*** Opening of Data ***

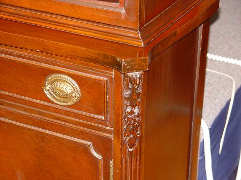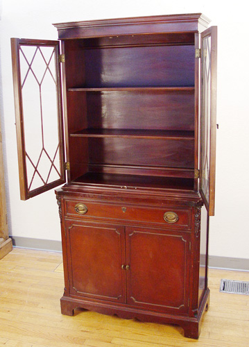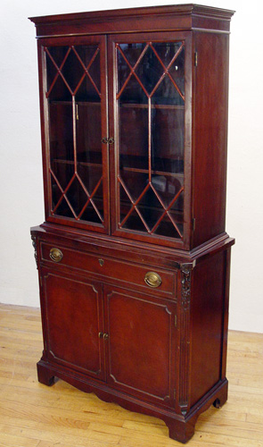 A DIMINUTIVE 1940'S FINE MAHOGANY CHINA CABINET: Glass front doors on the top, lower section with full length drawer over cabinet doors. 67 1/2'' x 33 1/4'' x 15 1/2''.
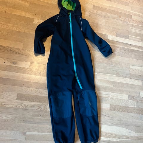 Name it Playtech barneheldress, mørk blå, størrelse 122, unisex. Dressen har mønster på overkropp og ben, med ensfargede ermer og underben. Laget for barn, designet for komfort og bevegelsesfrihet.
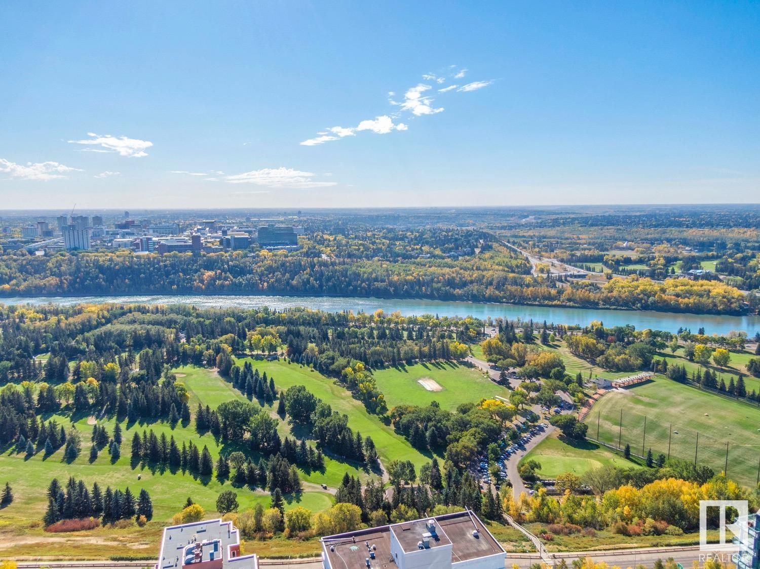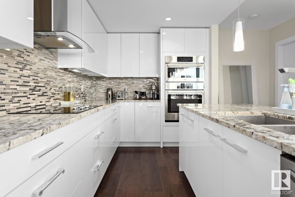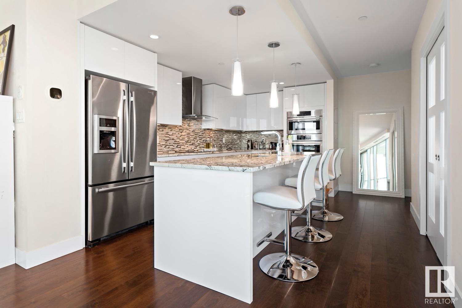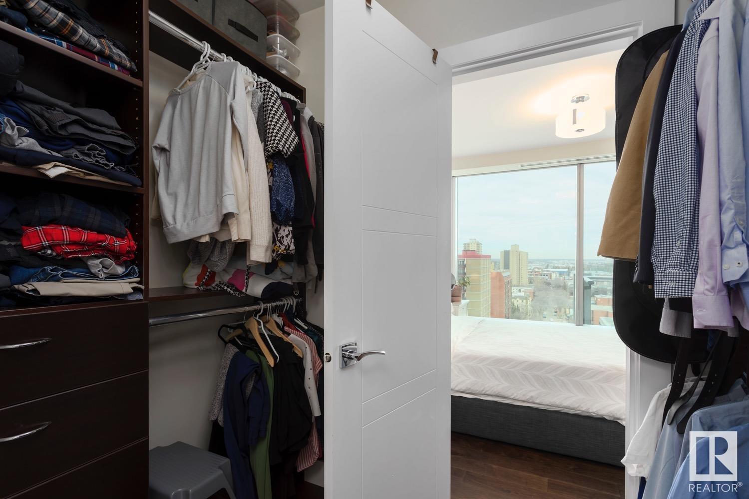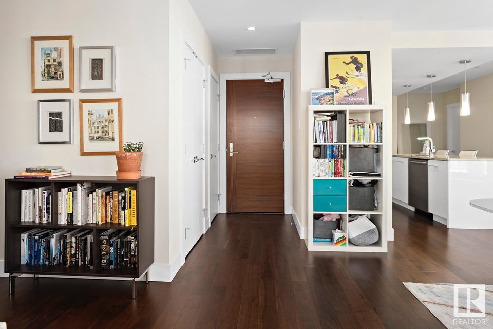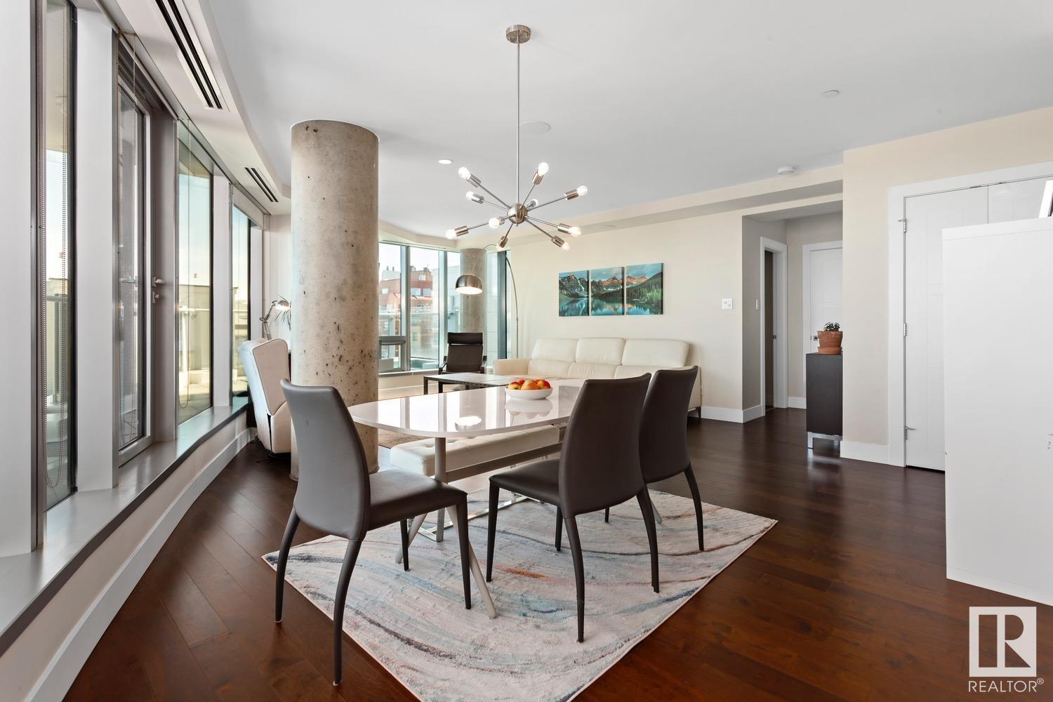 2 BED+DEN/2 BATH/2 TITLED UNDERGROUND STALLS in one of YEG’s finest developments. Pearl Tower is one of the only buildings to offer CONCIERGE SERVICES in YEG. From the elegant lobby to the impressive front doors of each suite, the quality of this building is clear. This CORNER UNIT boasts 2 BALCONIES & views of the DT skyline & River Valley. Warm hardwood runs throughout the unit, contrasted w. bright, white European cabinetry in the kitchen & bathrooms. Upgraded Bosch & JennAir appliances, stone tile & quartz countertops also compliment the fine finishes. Perfect for roommates (or houseguests), the floor plan has bedrooms on opposite sides of the home (each w. full bathrooms) & all closets have custom organizers. Integrated window coverings, fireplace & A/C are added bonuses for this property. 2 TITLED, UNDERGROUND stalls (1 with EV charging capabilities; rare to find in the core). The PET FRIENDLY building is complete w. gym, social room & is walking distance to River Valley, shopping & DT attractions.
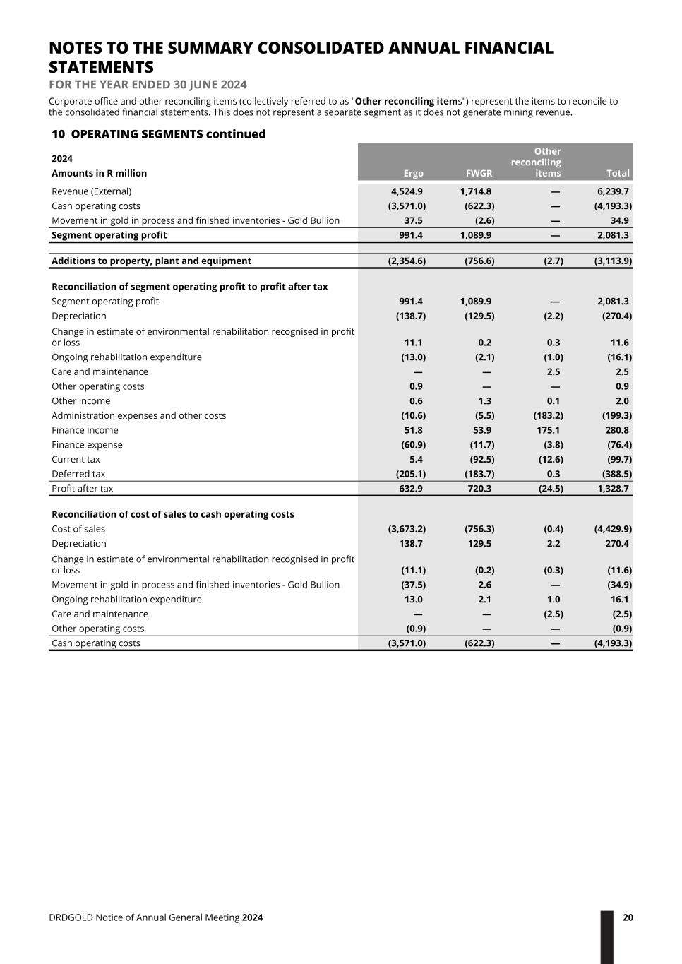Corporate office and other reconciling items (collectively referred to as "Other reconciling items") represent the items to reconcile to the consolidated financial statements. This does not represent a separate segment as it does not generate mining revenue. 10 OPERATING SEGMENTS continued Ergo FWGR Other reconciling items Total 2024 Amounts in R million Revenue (External) 4,524.9 1,714.8 — 6,239.7 Cash operating costs (3,571.0) (622.3) — (4,193.3) Movement in gold in process and finished inventories - Gold Bullion 37.5 (2.6) — 34.9 Segment operating profit 991.4 1,089.9 — 2,081.3 Additions to property, plant and equipment (2,354.6) (756.6) (2.7) (3,113.9) Reconciliation of segment operating profit to profit after tax Segment operating profit 991.4 1,089.9 — 2,081.3 Depreciation (138.7) (129.5) (2.2) (270.4) Change in estimate of environmental rehabilitation recognised in profit or loss 11.1 0.2 0.3 11.6 Ongoing rehabilitation expenditure (13.0) (2.1) (1.0) (16.1) Care and maintenance — — 2.5 2.5 Other operating costs 0.9 — — 0.9 Other income 0.6 1.3 0.1 2.0 Administration expenses and other costs (10.6) (5.5) (183.2) (199.3) Finance income 51.8 53.9 175.1 280.8 Finance expense (60.9) (11.7) (3.8) (76.4) Current tax 5.4 (92.5) (12.6) (99.7) Deferred tax (205.1) (183.7) 0.3 (388.5) Profit after tax 632.9 720.3 (24.5) 1,328.7 Reconciliation of cost of sales to cash operating costs Cost of sales (3,673.2) (756.3) (0.4) (4,429.9) Depreciation 138.7 129.5 2.2 270.4 Change in estimate of environmental rehabilitation recognised in profit or loss (11.1) (0.2) (0.3) (11.6) Movement in gold in process and finished inventories - Gold Bullion (37.5) 2.6 — (34.9) Ongoing rehabilitation expenditure 13.0 2.1 1.0 16.1 Care and maintenance — — (2.5) (2.5) Other operating costs (0.9) — — (0.9) Cash operating costs (3,571.0) (622.3) — (4,193.3) NOTES TO THE SUMMARY CONSOLIDATED ANNUAL FINANCIAL STATEMENTS FOR THE YEAR ENDED 30 JUNE 2024 DRDGOLD Notice of Annual General Meeting 2024 20
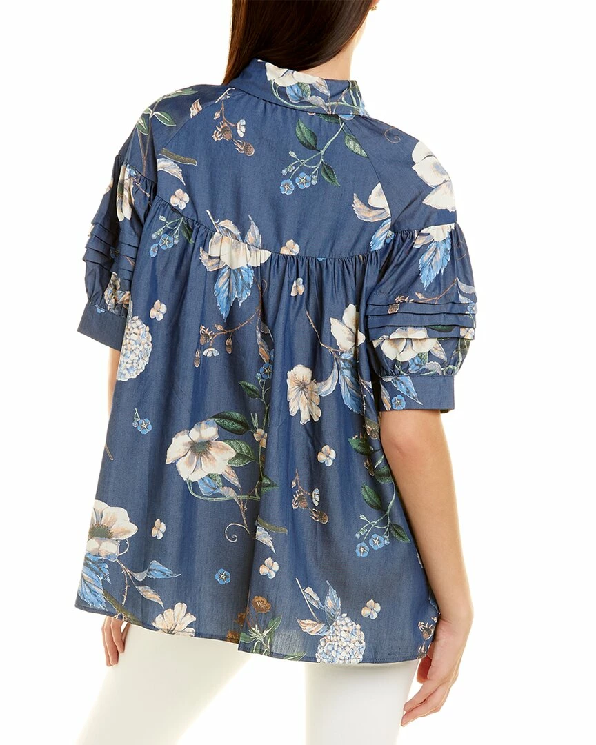 - Smock Shirt In Denim Blue With Elbow-Length Sleeves, Pintuck Details, And Shirttail Hem
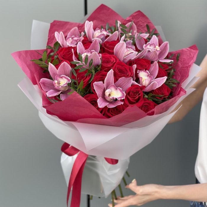 Букет Бурж с красными розами и цимбидиумом

*** Close of Data ***

» Exercise goal: Give the data above again, exactly, with every picture removed.

» The completed task:
 A DIMINUTIVE 1940'S FINE MAHOGANY CHINA CABINET: Glass front doors on the top, lower section with full length drawer over cabinet doors. 67 1/2'' x 33 1/4'' x 15 1/2''.
 Name it Playtech barneheldress, mørk blå, størrelse 122, unisex. Dressen har mønster på overkropp og ben, med ensfargede ermer og underben. Laget for barn, designet for komfort og bevegelsesfrihet.
 2 BED+DEN/2 BATH/2 TITLED UNDERGROUND STALLS in one of YEG’s finest developments. Pearl Tower is one of the only buildings to offer CONCIERGE SERVICES in YEG. From the elegant lobby to the impressive front doors of each suite, the quality of this building is clear. This CORNER UNIT boasts 2 BALCONIES & views of the DT skyline & River Valley. Warm hardwood runs throughout the unit, contrasted w. bright, white European cabinetry in the kitchen & bathrooms. Upgraded Bosch & JennAir appliances, stone tile & quartz countertops also compliment the fine finishes. Perfect for roommates (or houseguests), the floor plan has bedrooms on opposite sides of the home (each w. full bathrooms) & all closets have custom organizers. Integrated window coverings, fireplace & A/C are added bonuses for this property. 2 TITLED, UNDERGROUND stalls (1 with EV charging capabilities; rare to find in the core). The PET FRIENDLY building is complete w. gym, social room & is walking distance to River Valley, shopping & DT attractions.
Corporate office and other reconciling items (collectively referred to as "Other reconciling items") represent the items to reconcile to the consolidated financial statements. This does not represent a separate segment as it does not generate mining revenue. 10 OPERATING SEGMENTS continued Ergo FWGR Other reconciling items Total 2024 Amounts in R million Revenue (External) 4,524.9 1,714.8 — 6,239.7 Cash operating costs (3,571.0) (622.3) — (4,193.3) Movement in gold in process and finished inventories - Gold Bullion 37.5 (2.6) — 34.9 Segment operating profit 991.4 1,089.9 — 2,081.3 Additions to property, plant and equipment (2,354.6) (756.6) (2.7) (3,113.9) Reconciliation of segment operating profit to profit after tax Segment operating profit 991.4 1,089.9 — 2,081.3 Depreciation (138.7) (129.5) (2.2) (270.4) Change in estimate of environmental rehabilitation recognised in profit or loss 11.1 0.2 0.3 11.6 Ongoing rehabilitation expenditure (13.0) (2.1) (1.0) (16.1) Care and maintenance — — 2.5 2.5 Other operating costs 0.9 — — 0.9 Other income 0.6 1.3 0.1 2.0 Administration expenses and other costs (10.6) (5.5) (183.2) (199.3) Finance income 51.8 53.9 175.1 280.8 Finance expense (60.9) (11.7) (3.8) (76.4) Current tax 5.4 (92.5) (12.6) (99.7) Deferred tax (205.1) (183.7) 0.3 (388.5) Profit after tax 632.9 720.3 (24.5) 1,328.7 Reconciliation of cost of sales to cash operating costs Cost of sales (3,673.2) (756.3) (0.4) (4,429.9) Depreciation 138.7 129.5 2.2 270.4 Change in estimate of environmental rehabilitation recognised in profit or loss (11.1) (0.2) (0.3) (11.6) Movement in gold in process and finished inventories - Gold Bullion (37.5) 2.6 — (34.9) Ongoing rehabilitation expenditure 13.0 2.1 1.0 16.1 Care and maintenance — — (2.5) (2.5) Other operating costs (0.9) — — (0.9) Cash operating costs (3,571.0) (622.3) — (4,193.3) NOTES TO THE SUMMARY CONSOLIDATED ANNUAL FINANCIAL STATEMENTS FOR THE YEAR ENDED 30 JUNE 2024 DRDGOLD Notice of Annual General Meeting 2024 20
 - Smock Shirt In Denim Blue With Elbow-Length Sleeves, Pintuck Details, And Shirttail Hem
 Букет Бурж с красными розами и цимбидиумом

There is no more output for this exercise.